This is where the descent began, to begin with it wasn't very steep, it was a gently path along the side of the canyon. The views were breathtaking and the drop from the side of the path deadly! It was still quite early, around 10am, but the sun was beaming down and it was getting very hot. Then the path got very rocky, it seemed to consist of broken stones and gravel, making the surface unsteady and walking extra tiring. We took it very slow, taking our time, drinking lots of water and eating our snacks. This was probably the most challenging walk we had done, after 2 hours of concentration, blazing sun and blisters we could finally see the bridge at the bottom of the canyon! It looked a long way away! Another hour of winding path around the canyon we finally made it to the sheltered area next to the bridge! Triumph! And a lady selling cold drinks, who cares that she was charging 5 soles for a bottle of water (still only £1.25 but extortionate here), 2 bottles please, downed in one. 





Once over the bridge it was a relatively easy 30 minute walk to San Juan de Chuccho. Where we sat down and had some lunch! After our 3am wake up, our 5.5 hours trek it was a well deserved rest and necessary energy recuperation as we still had another 3 hours to go to get to Sangalle, where we were planning to spend the night! Jess had the menu of the day, soup, rice, salad, omelette and avocado whilst I had a massive avocado sandwich and strawberry, banana and yogurt for dessert, oh and an inca cola (sugary deliciousness). 

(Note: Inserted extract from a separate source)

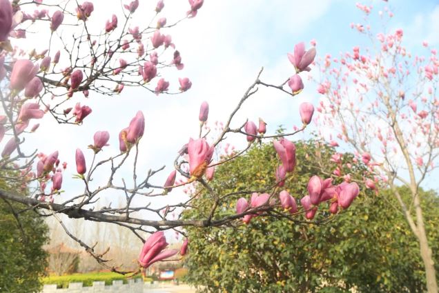 春日轻抚,一叶携春而来的玉兰花在无声中绽放,给校园增添了一道亮丽的风景线。

It was around 1:40pm when we finished lunch. We stocked up on water and headed off. When in the planetarium yesterday we were given some sunglasses to allow us to watch the solar eclipse which was due to happen at 2pm. So as we headed off we got our glasses to hand! We had hoped the walk to Sangalle was going to be flat all the way, as we were already at the base of the canyon and so was Sangalle. However, turns out the only way there is to walk back up the canyon about half way (500m), then walk through a couple of towns and then back down to the bottom! The initial incline was extremely steep and difficult, we took lots of breaks, mainly to put on our glasses and stare at the sun. 2pm came and went with no eclipse. We got to a section of the walk which was extremely steep and in shade, so we decided the eclipse wasn't worth waiting for and we began the climb. It probably only took about 30 minutes to get to the first town up the steep climb but it was so difficult. I'd gone slightly ahead and got to the top first, where I immediately put on my eclipse glasses… eclipse eclipse eclipse! I shouted to Jess, who was still a way down the canyon. She emerged about 5 minutes later, bright red, nearly in tears, out of breath, fearing death, I sat her down she drank some water, recovered very quickly and popped on the sexy glasses to look at the beauty of the eclipse! 





The next stage of the walk was relatively easy, the sun was going down so it was cooling, the terrain was solid and flat. We walked through the two towns (Cosninhua and Malata) and we arrived at the final descent around 4pm. From here we could see Sangalle, a beautiful oasis in the canyon. It took around 45 minutes for us to get down. When we got there we sorted our private accommodation and both collapsed onto the bed. 





After a 5 minute rest we popped on our swimmers and had a dip in the natural swimming pool in the oasis, made from the canyons river water! It was so nice to stretch out our legs freely against some cold water! 





Dinner was served at 7pm, soup and spaghetti! Lots of carbs. They put the copa america semi final on the TV, Brazil vs Argentina, but we were so exhausted after out 9 hour day (and my watch tracked us as walking 30km, down 1000m, back up 500m, then back down 500m!) that we retired to our beds and fell asleep instantly! 

























Day 78 - Colca Canyon 2





Our 5am alarm woke us, our bodies hadn't moved an inch since our heads hit the pillow last night. A great night's sleep! We got up and ready, our plan was to leave at 6am when it was starting to get light. Today's trek was a steep 1000m climb straight out of the canyon and to Cabaconde, where we were going to have breakfast and catch the 1130am bus back to Arequipa. We'd been told the climb would take around 3 / 3.5 hours but that it was really steep and altitude sickness really came into play (even though we were at the bottom of the second deepest canyon in the world we were still around 2160m above sea level, the climb would take us up to around 3296m above sea level). 





It turned out not to be that challenging, again we took out time, regular breaks, taking lots of photos and drinking lots of water. Luckily most of the walk was in shade so it was a lovely cool temperature to walk in, nothing like the blazing heat of yesterday. We got to the top of the canyon in around 3.5 hours, then there was another 30 minutes walk to the town. We found the bus station, bought our tickets then headed to a restaurant for breakfast and a morning beer. I've decided a 10:30am beer is acceptable after you've climbed in and out of the world's second biggest canyon (and at Christmas). The restaurant also knew exactly what food we wanted, both our portions were piled high, lots of carbs! 





A stiff walk back to the bus station and then a 6 hour bus ride back to Arequipa, where we jumped into a taxi back to our hostel, had a quick shower and packed up our bags, then a taxi back to the bus station in preparation for our overnight bus to Cusco! Whilst in the bus station the Peru vs Chile semi final was on TV, which we watched until we had to depart (with Peru winning 3-0!).